Итак, самая большая трудность, связанная с эллинской религией, состоит в том, что в связи с ней приходится говорить, как минимум, о двух предшествующих ей и в каком-то смысле определивших ее моментах. С одной стороны, она была определена географически (в это слово я вкладываю все, что связано с влиянием среды обитания, в том числе и влияние соседних, куда более развитых народов), с другой же — имела свой собственный, духовный стержень, на первых порах имевший выражение лишь в мифе и языке. В географическом смысле эллинская религия зависима от предшествовавшей ей на этих землях минойской религии, находившейся, в свою очередь, в тесной связи с другими религиями Средиземноморья; сюда должны быть отнесены и все позднейшие малоазийские влияния. Этот географический аспект эллинской религии столь сильно и многократно освещался современной наукой, что почти уже выцвел в ярких лучах славы сделавших себе на нем имя ученых81. Потому нас будет интересовать куда более скромный вопрос, а именно — взаимосвязь эллинской религии и религии Вед. Первоочередной задачей для нас будет показать греческую религию — как религию по роду своему арийскую. Только уяснив эту родовую специфику, можно будет говорить и о тех влияниях, которые наложил на нее средиземноморский климат.

Первое, что обычно представляется, когда речь заходит о религии эллинов, это, во-первых — 12 богов, и, во-вторых — гора Олимп, как место их обитания. Вот с этими-то двумя представлениями и нужно в первую очередь расстаться. Начнем с Олимпа. В древности олимпов насчитывали, как минимум, пять: Олимп на границе Македонии и Фессалии, Олимп мизийский, киликийский, элидский и аркадский. Самый высокий, снежный и во всех отношениях выдающийся (самая высокая гора в Греции) Олимп — македонско-фессалийский. Он, и в самом деле, изредка упоминается у поэтов как обитель богов. Но! На самом Олимпе в классическую эпоху нет никакого культа, никаких храмов, не упоминается даже ни о каких процессиях на эту гору. Спрашивается, имеет ли отношение эта гора к истории религии? Да, начиная с VIII в. до н.э. близ нее проводятся всегреческие состязания. И, однако, с ней, по-видимому, не связано никакого ритуала, в отличие, скажем, от реки Алфеи, алтарь которой занимал почетное место в «олимпийском комплексе». Что же такое Олимп?
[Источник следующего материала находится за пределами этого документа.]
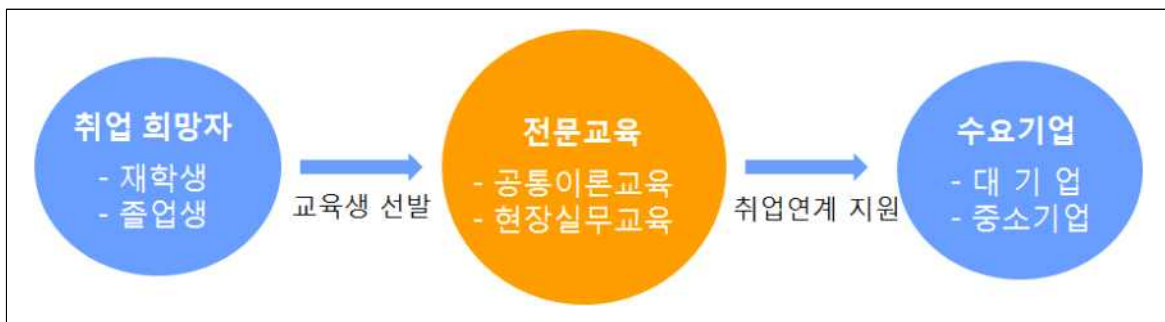
<바이오인력양성 프로그램 구조>
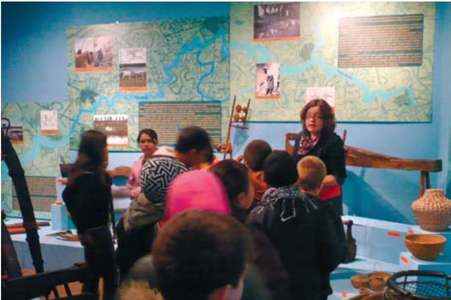
Múzeumpedagógiai foglalkozás a kiállításban

második felétől már, mint kása étel az emberi táplálkozásban is egyre fontosabb szerepet kapott. A nagyvárosok közelsége jelentős fejlődést eredményezett a térség kertkultúrájában is. Az észak-bihari települések külön-külön egy-egy zöldség-, vagy gyümölcsféle termesztésére specializálódtak. Konyár a dinnyetermesztéséről vált ismertté a debreceni, váradi piacokon. Konyár térségének szőlőterületei az észak-bihari homoki bortermő vidékhez tartoztak, melynek története a 16–17. századig nyúlik vissza. Konyár első szőlőskertje is valamikor a 17. század végén települhetett. A szőlőtermesztés igen korán népszerű lett Konyáron, már a 18. században sem akadt olyan tagja a helyi társadalomnak, aki legalább egy kisebb szőlőparcellával ne rendelkezett volna. A szőlőművelés rendre az idős férfiak feladata volt. A szőlősgazdák leginkább önellátásra termeltek. A szőlőskertek szórványgyümölcsösei a családi gazdaságok éves gyümölcsszükségletét is kiválóan kielégítették.
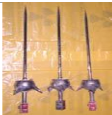
49. Villámhárító fej (Cs-137) b
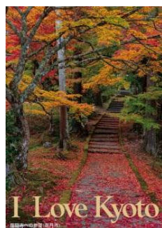
「龍穩寺への参道」(南丹市)
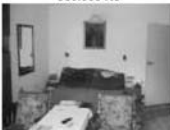
DB 3+1 Tišnov U Humpolky CP 73 m 2 , 3 lodžie, anuita jen 3.000 Kč 1.599.000 Kč
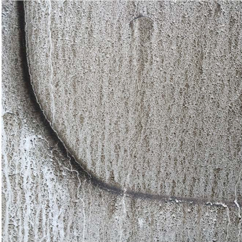
Horst Stein SMUZ 2_01, 2017 Foto, kaschiert auf Betonblock, ca. 30x30x50cm © Stein
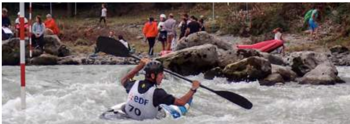
(Notre vénérable CTR lors du slalom régional d'Annemasse)

Bien entendu l'évènement majeur pour 2020 a été l'impact du corona virus.
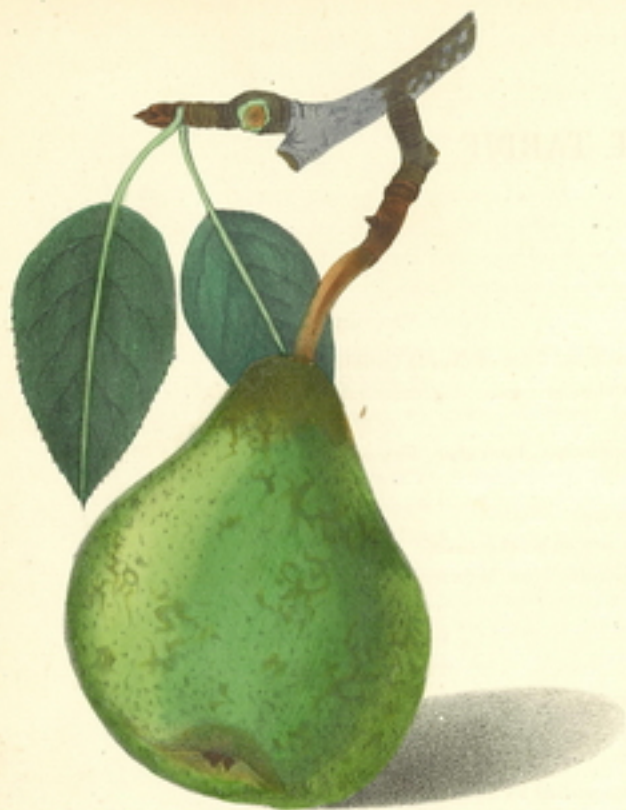
POIRE REVERÉ VERT TARDIF.
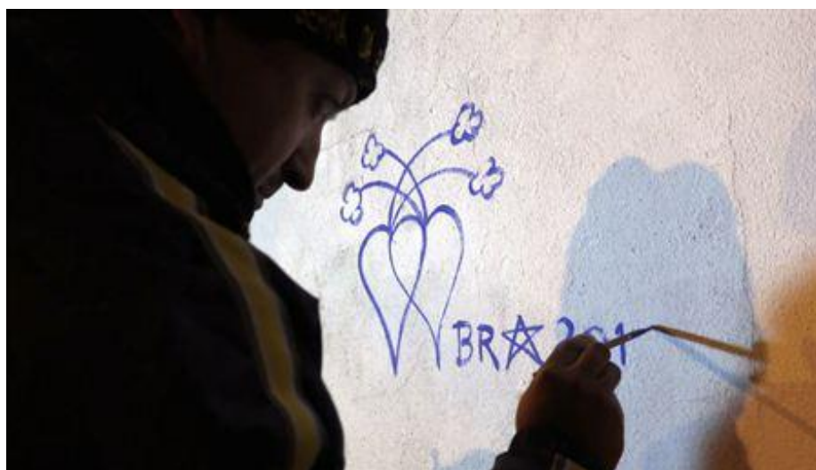
Figura 2: Registo fotográfico do ambiente ritual do Pintar e Cantar dos Reis, Alenquer.

Nota: Imagem reproduzida a partir da documentação visual associada à ficha “Pintar e Cantar dos Reis” do Inventário Nacional do Património Cultural Imaterial (Património Cultural, s.d.).
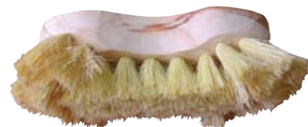
Descripción Código Escobilla 2 Cabezas 0044113
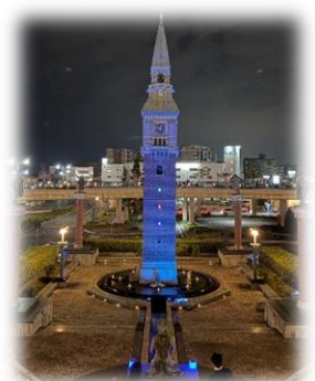
支援サポートセンター めやすばこ・リーチ
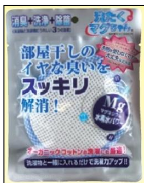
洗たくマグちゃん
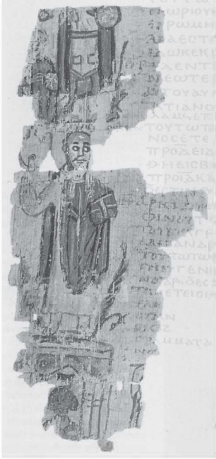
Fig. 1 — Illustration de l'« Alexandrian World Chronicle » (Ve-VIe s.), Moscou, Musée Pushkin, inv. 3108/, verso (photo tirée d'A. Bauer & J. Strzygowski, Eine alexandrinische Weltchronik. Text und Miniaturen eines griechischen Papyrus der Sammlung W. Goleniščev, Vienne, 1905, pl. VI verso, détail ).

Начиная с Гомера, в собственно эллинской литературе слово «Олимп» значило «небо»; Овидий говорит, что к Олимпу ведет млечный путь (Метаморфозы, I, 168–176), но это навеянная востоком римская натурализация. У Гомера это, по преимуществу, небо духовное82. Вот на этом-то духовном небе как раз и расположены жилища богов; там они пируют и т. п. Те немногие разы, когда «Олимп» у древних называет действительную гору, сама эта гора берется как знак иного неба83.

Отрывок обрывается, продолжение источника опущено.